How do you apply for a debt consolidation loan?
Completing a debt consolidation loan is easy and quick, and you can apply by following these five steps.
- Buy and compare lenders. Comparing multiple loan offers can help you find the best debt consolidation loan for your needs. Many online lenders allow you to pre-qualify for a loan to assess your chances of approval and the interest rate you may receive. When you pre-qualify, the lender typically performs a soft credit check that doesn’t affect your credit score.
- Select your loan offer and your lender. Consider loans with the best balance of low interest rates and fees, flexible repayment terms, and achievable eligibility requirements. After reviewing several personal loan offers, select the one that best suits your needs.
- Fill out a loan application. Once you have decided on a lender, submit an official application. You must provide details of employment, income, and the amount of money you wish to borrow. Your lender may ask you to provide supporting documentation, including a government issued ID, payslips, bank statements, and proof of residence.
- Pay off your debts. Once your lender has approved your loan application, you will need to sign the loan to release the funds. Your lender can pay your loan funds directly to your competitors to pay off debts on your behalf. Alternatively, your lender deposits the money into your account and uses the money to pay off each of your debts.
- Keep making payments. After loan approval, you are responsible for paying your new loan. However, it may take some time for your old creditors to close your accounts. To protect your creditworthiness, continue to pay into your old accounts until they are formally closed.
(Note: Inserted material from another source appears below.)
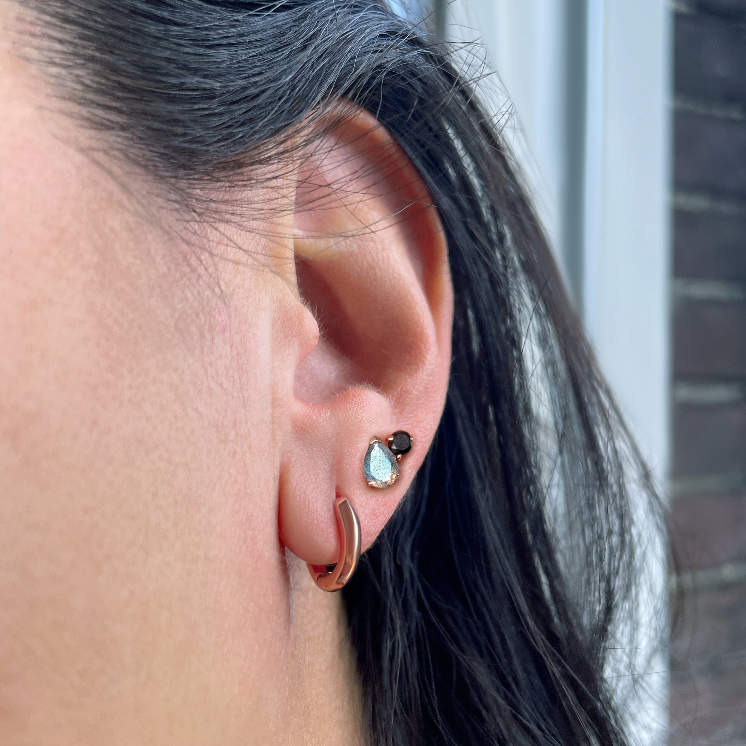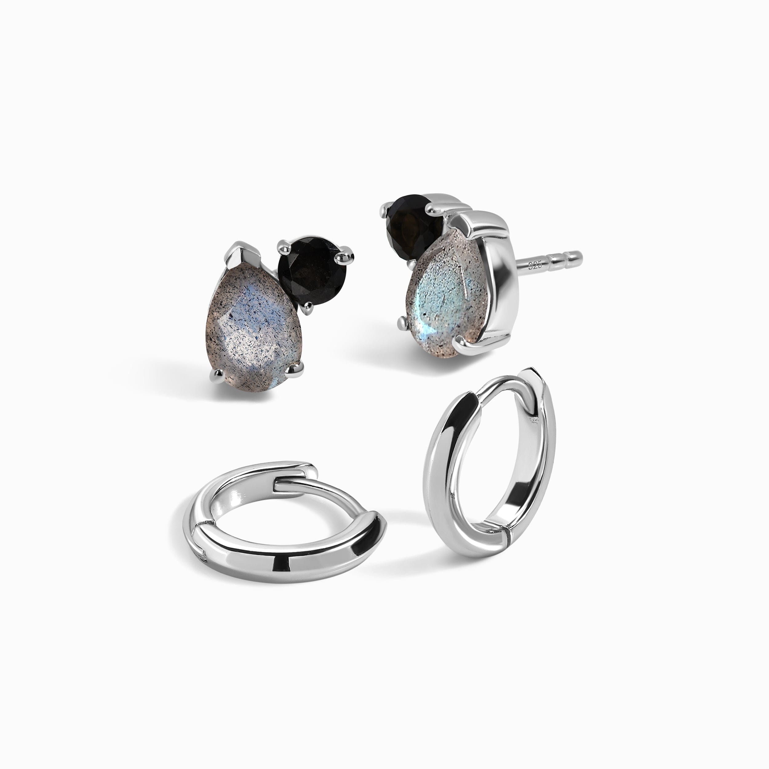 Our Wholeness Hoops are an on-trend staple in the perfect hoop size, while our Toi Et Moi Studs are a bestselling design with the complementary energies of Labradorite and Black Obsidian.

Alternatives to Debt Consolidation Loan
If you don’t want to take out a debt consolidation loan, there are other options you can consider such as:
- 0% APR Credit transfer credit card: offer an interest-free period of up to 21 months. You can pay off as much debt as you can with 0% interest during the promotional period, but understand that these cards usually require good credit to qualify.
- Home Loans: You may be able to tap into your home’s equity to pay off your outstanding debt. Generally, lenders allow you to borrow up to 80% of the value of your home minus your mortgage balance. Home equity loans come with a significant amount of risk because you have to offer your home as collateral.
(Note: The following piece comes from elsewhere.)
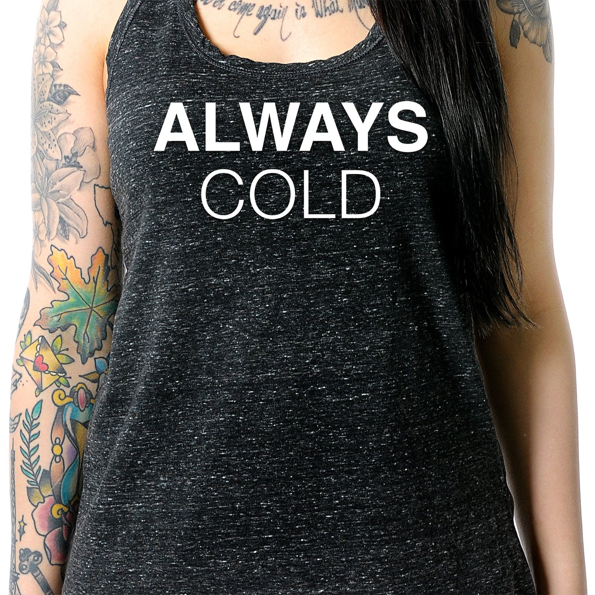 Always Cold Black Gray Cosmic Twist Back Tank Top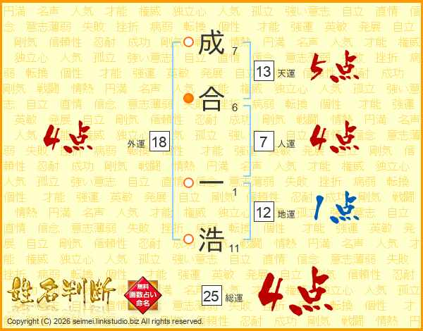 あなたの人生を表す1番重要な運勢です。生涯を通じて影響する総合運となり、主に50歳以降の晩年期に影響を及ぼします。苗字と名前の合計画数。

- Credit advice: Instead of borrowing money to pay off your debt, you might consider getting credit counseling from a nonprofit agency. An advisor can help you set a budget and create a repayment plan. Some agencies will even contact your creditors to lower your interest rates. Online financial advisors can also help point you in the right direction.
Whether you take out a debt restructuring loan or use another method,can dramatically improve your financial health, but only if you can avoid accumulating new debt and repeating the cycle. As a general rule, you should never charge more than you can afford to pay off.